Introduction
The Gabriella Miller Kids First Pediatric Research Program (Kids First) is supported by the NIH Common Fund and focuses of the use of genomic information to drive discoveries into childhood cancers, structural birth defects, and other rare pediatric disorders. Like Kids First, the NIH’s INCLUDE Project and NHLBI’s TOPMed Program apply genomic data and technology to improve health for people with Down syndrome (DS) and our understanding of the underlaying causes of heart, lung, blood, and sleep (HLBS) disorders, respectively.
DS is one of the strongest risk factors for both congenital heart disease and acute leukemia, but research has yet to discover why this is the case. Since a key aspect of Kids First is to help uncover connections between structural birth defects and childhood cancers, the program will partner with INCLUDE and TOPMed to advance our understanding the biological factors that may lead to both heart disease and leukemia in individuals with DS. Ultimately these discoveries may support the development of new treatments for children with DS who are at risk for structural birth defects and cancer. All data generated through this study will be made accessible within dbGaP and the Kids First Data Resource Portal.
Additional Pediatric Cardiac Genetics Consortium (PCGC) data from children affected with Down syndrome and congenital heart disease are accessible through two separate dbGaP studies: phs001138 (Kids First) and phs001194 (TOPMed).
Principal Investigators
Sherman, Stephanie, PhD
About
The Gabriella Miller Kids First Pediatric Research Program (Kids First) is a trans-NIH effort initiated in response to the 2014 Gabriella Miller Kids First Research Act and supported by the NIH Common Fund. This program focuses on gene discovery in pediatric cancers and structural birth defects and the development of the Gabriella Miller Kids First Pediatric Data Resource (Kids First Data Resource).
This project is a collaboration with the trans-NIH INvestigation of Co-occurring conditions across the Lifespan to Understand Down syndromE (INCLUDE) Project, which seeks to improve health and quality-of-life for individuals with Down syndrome, and NHLBI's TransOmics for Precision Medicine (TOPMed) program, which seeks to apply omics technologies to improve scientific understanding of the fundamental biological processes that underlie heart, lung, blood, and sleep (HLBS) disorders.

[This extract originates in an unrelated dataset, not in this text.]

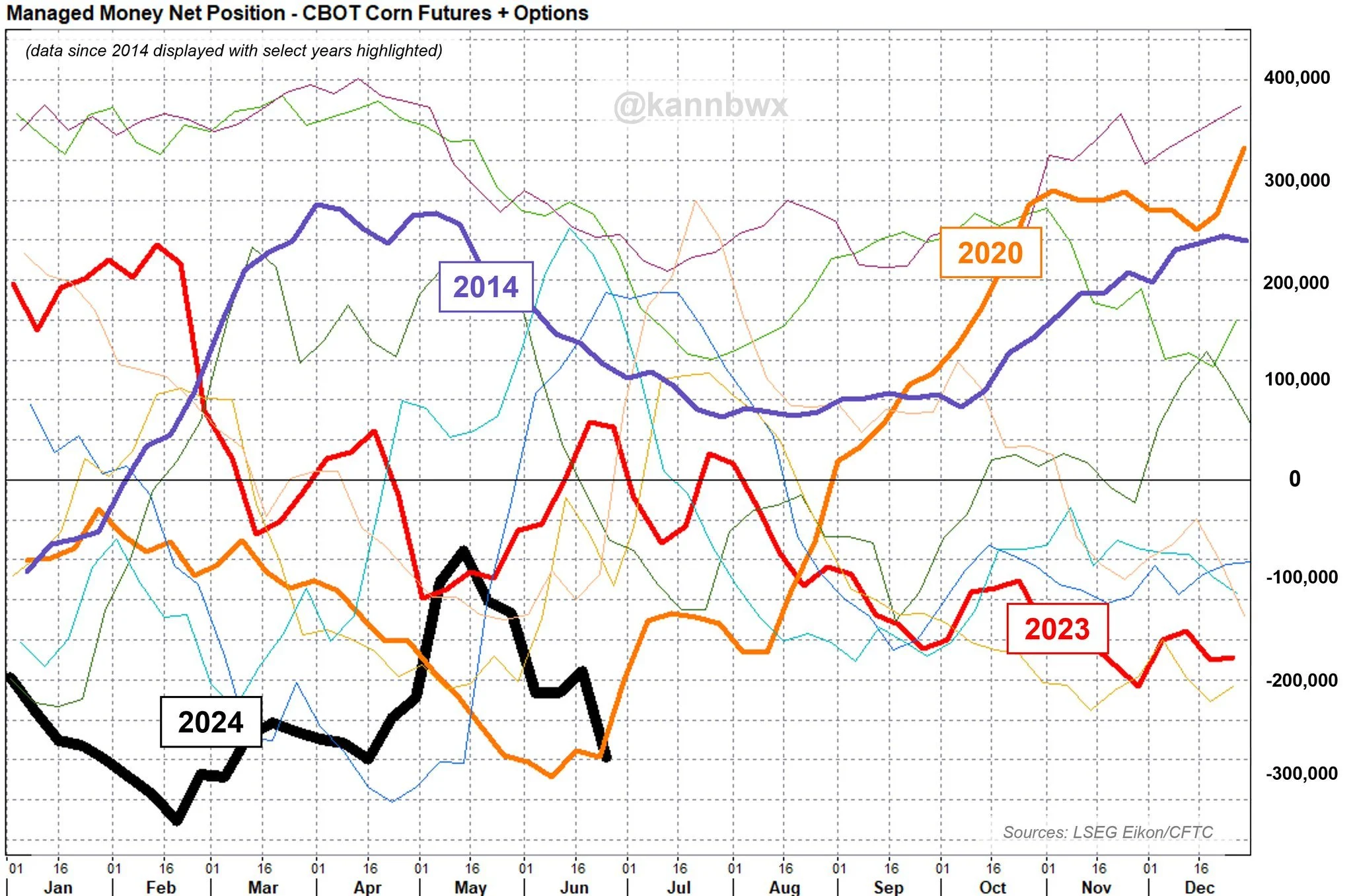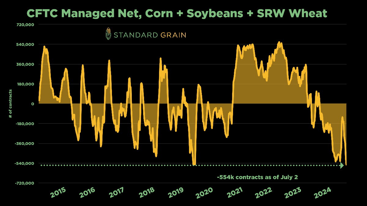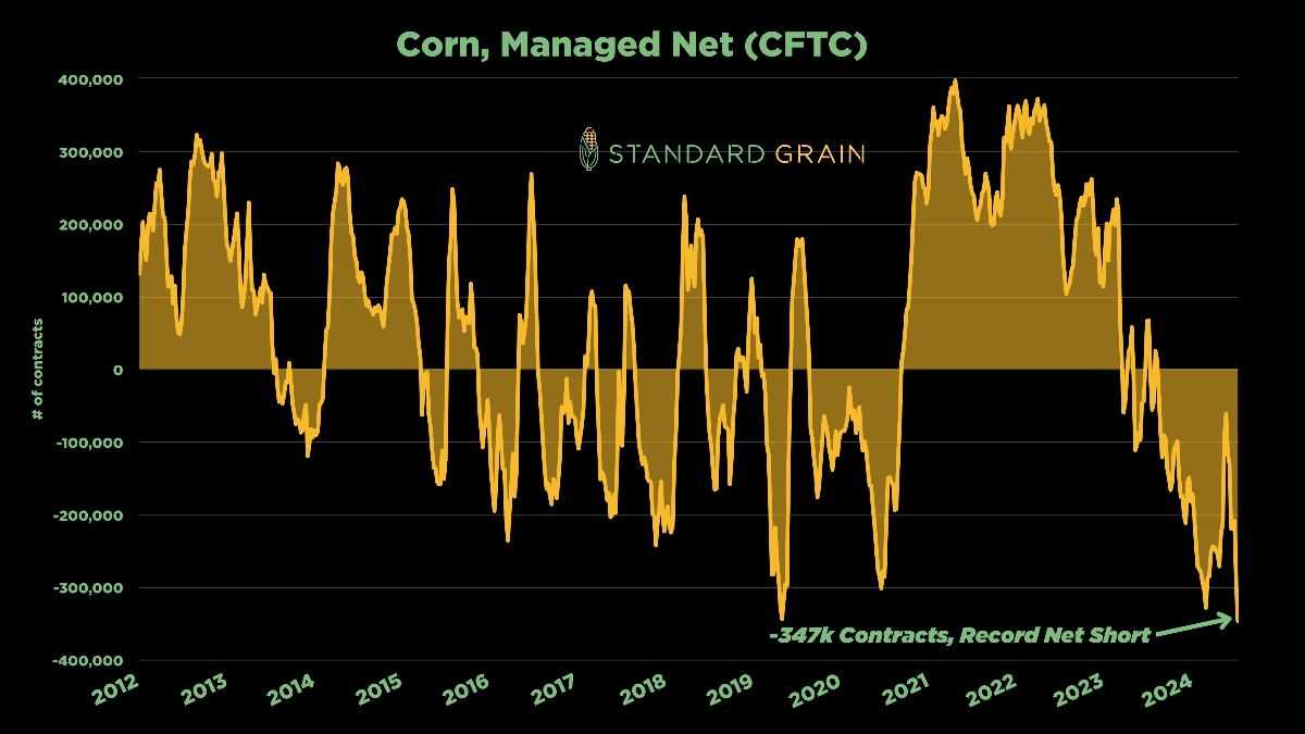 The funds are short 350k contracts (1.7 billion corn bushels)

All of the WGS and phenotypic data from this study are accessible through dbGaP and kidsfirstdrc.org, where other Kids First datasets can also be accessed.
Down syndrome (DS), which occurs due to trisomy 21, is one of the strongest risk factors for both congenital heart disease (CHD) and acute leukemia. For instance, children with DS have a 2000-fold increased risk of atrioventricular septal defects (AVSD) and a 20-fold increased risk of acute lymphoblastic leukemia (ALL). An important and innovative aspect of the Kids First program is understanding the overlap between structural birth defects and childhood cancer.

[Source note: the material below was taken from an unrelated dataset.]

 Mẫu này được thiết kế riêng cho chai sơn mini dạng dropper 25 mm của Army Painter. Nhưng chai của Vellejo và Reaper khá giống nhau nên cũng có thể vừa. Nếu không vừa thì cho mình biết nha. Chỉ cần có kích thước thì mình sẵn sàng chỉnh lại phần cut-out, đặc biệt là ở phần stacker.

Notably, the background of DS predisposes children to both of these phenotypes, however, the genomic architecture of risk remains largely undiscovered. In this joint Kids First/TOPMed/INCLUDE project, we are currently including >2,000 samples for whole-genome sequencing, including: 1) paired germline-tumor samples from children with DS-ALL; and 2) samples from families with DS-CHD. This work will advance our understanding of the developmental pathways that may lead to both structural birth defects and childhood cancer.
The objectives of this study are to determine the genetic variants underlying AVSD and ALL risk in children with DS. Therefore, the aims of our study are: 1) compare whole-genome sequencing (WGS) data between children with documented DS-AVSD and children with DS who have structurally normal hearts to identify genetic variants that perturb heart development; and 2) compare WGS data between children with documented DS-ALL and children (from Aim 1) with DS who do not have a known history of ALL. We will also examine associations between germline mutations and somatic genomic features. This study will address the fundamental question of why children with DS have an elevated risk of AVSD and ALL. Insights into the genes that drive DS-AVSD and DS-ALL may have implications for improved genetic counseling, surveillance, clinical management, and treatment strategies for these children. Additionally, our findings may inform targeted therapies or interventions for children without DS who are at risk for structural birth defects and cancer.